The satraps Antigonus and Demetrius now each assumed the title of king; Ptolemy, as well as Cassander, Lysimachus and Seleucus I Nicator, responded by doing the same. In the winter of 306 BC, Antigonus tried to follow up his victory in Cyprus by invading Egypt; but Ptolemy was strongest there, and successfully held the frontier against him. Ptolemy led no further overseas expeditions against Antigonus. However, he did send great assistance to Rhodes when it was besieged by Demetrius (305/304). The Rhodians granted divine honors to Ptolemy as a result of the lifting of the siege.

When the coalition against Antigonus was renewed in 302, Ptolemy joined it, and invaded Syria a third time, while Antigonus was engaged with Lysimachus in Asia Minor. On hearing a report that Antigonus had won a decisive victory there, he once again evacuated Syria. But when the news came that Antigonus had been defeated and slain by Lysimachus and Seleucus at the Battle of Ipsus in 301, he occupied Syria a fourth time.

The other members of the coalition had assigned all Syria to Seleucus, after what they regarded as Ptolemy's desertion, and for the next hundred years, the question of the ownership of southern Syria (i.e., Judea) produced recurring warfare between the Seleucid and Ptolemaic dynasties. Henceforth, Ptolemy seems to have involved himself as little as possible in the rivalries between Asia Minor and Greece; he lost what he held in Greece, but reconquered Cyprus in 295/294. Cyrenaica, after a series of rebellions, was finally subjugated in about 300 and placed under his stepson Magas.

Marriages, children, and succession

While Alexander was alive, Ptolemy had three children with his mistress Thaïs, who may also have been his wife: Lagus; Leontiscus; and Eirene, who was given in marriage to Eunostos of Soloi in Cyprus. During the Susa weddings, Ptolemy married Persian noblewoman Artakama, as ordered by Alexander the Great. Around 322 BC, he married Eurydice, daughter of Antipater, regent of Macedonia. They had five children before she was repudiated: three sons–Ptolemy Keraunos, king of Macedon from 281 BC to 279 BC; his brother and successor Meleager, who ruled for two months in 279 BC; and a 'rebel in Cyprus' who was put to death by his half-brother Ptolemy II–as well as the daughters Ptolemais, who married Demetrius I of Macedon, and Lysandra, first married to Alexander V of Macedon and after to Lysimachus' son Agathocles. Ptolemy married once more to Berenice, Eurydice's cousin, who had come to Egypt as Eurydice's lady-in-waiting with the children from her first marriage to Philip. Their children were Arsinoe II, Philotera, and Ptolemy II. Their eldest child Arsinoe married Lysimachus, then her half-brother Ptolemy Keraunos, and finally her full brother Ptolemy II.

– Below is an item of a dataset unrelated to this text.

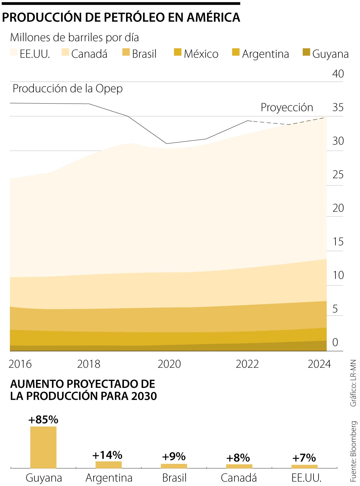 Esa nueva producción compensará casi por completo los recortes de producción que la Opep, e incluso su aliado Rusia, están realizando a partir de mayo mientras buscan apuntalar los precios mundiales del petróleo. “El hemisferio occidental es la fuente de suministro segura que el mundo necesita a mediano plazo para evitar que los precios del petróleo se disparen por las nubes”, dijo Schreiner Parker, director para América Latina de Rystad Energy. “Brasil, México, Guyana, Argentina e incluso Venezuela verán aumentos de producción este año que ayudarán a apuntalar el suministro frente a los continuos recortes de la Opep”.

In 285, Ptolemy made his son Ptolemy II his co-regent. His eldest legitimate son, Ptolemy Keraunos, fled to the court of Lysimachus. Ptolemy I died in January 282 aged 84 or 85. Shrewd and cautious, he had a compact and well-ordered realm to show at the end of forty years of war. His reputation for good nature and liberality attached the floating soldier-class of Macedonians and other Greeks to his service, and was not insignificant; nor did he wholly neglect conciliation of the natives. He was a ready patron of letters, founding the Great Library of Alexandria. The Ptolemaic dynasty which he founded ruled Egypt for nearly three hundred years. It was a Hellenistic kingdom known for its capital Alexandria, which became a center of Greek culture. Ptolemaic rule ended with the death of Cleopatra VII in 30 BC.

Historian
Ptolemy himself wrote an eyewitness history of Alexander's campaigns (now lost). In the second century AD, Ptolemy's history was used by Arrian of Nicomedia as one of his two main primary sources (alongside the history of Aristobulus of Cassandreia) for his own extant Anabasis of Alexander, and hence large parts of Ptolemy's history can be assumed to survive in paraphrase or précis in Arrian's work. Arrian cites Ptolemy by name on only a few occasions, but it is likely that large stretches of Arrian's Anabasis reflect Ptolemy's version of events. Arrian once names Ptolemy as the author "whom I chiefly follow", and in his Preface writes that Ptolemy seemed to him to be a particularly trustworthy source, "not only because he was present with Alexander on campaign, but also because he was himself a king, and hence lying would be more dishonourable for him than for anyone else".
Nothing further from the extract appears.